Recent technologies and policies have raised privacy concerns: “full body scan” airport security devices; electronic surveillance of telephone, internet, and other communications to fight terrorism; wiretaps and infrared, X-ray, and video security cameras to fight crime; and medical, academic, and financial record-keeping and tracking in vast bureaucratic systems. The US political controversies over the legality of contraception, abortion, sodomy, and gay marriage followed in the wake of the Supreme Court’s 1965 determination that a “right to privacy” exists within the Constitution. Justice William Douglas’s landmark majority opinion in Griswold v.
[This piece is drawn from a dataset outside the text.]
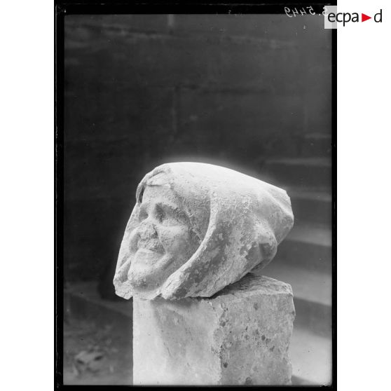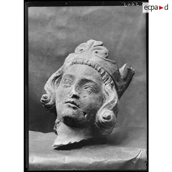 Les statues de la cathédrale de Reims doivent être restaurées. Clichés de statues (têtes et bustes), de sculptures et d'objets de culte de la cathédrale.

Connecticut located this right in “penumbras” emanating from specific guarantees of the Bill of Rights that “give them life and substance.”

The Bible is a poor resource for the modern concept of privacy. Scripture emphasizes that various interactions were held “in private” or “privately” These include Joseph weeping upon meeting his brother Benjamin in a private room (Gen. 43:30), Saul’s command that his servants communicate to David in private (1 Sam. 18:22), multiple private discussions between Jesus and his followers (Matt. 17:19; 24:3; Mark 4:34; 7:33; 9:28; 13:3; Luke 9:10; 10:23; John 11:28), and Paul’s meeting with the Jerusalem church leaders (Gal. 2:2). These passages reflect a respect for human dignity in which the parties communicate freely in mutual trust.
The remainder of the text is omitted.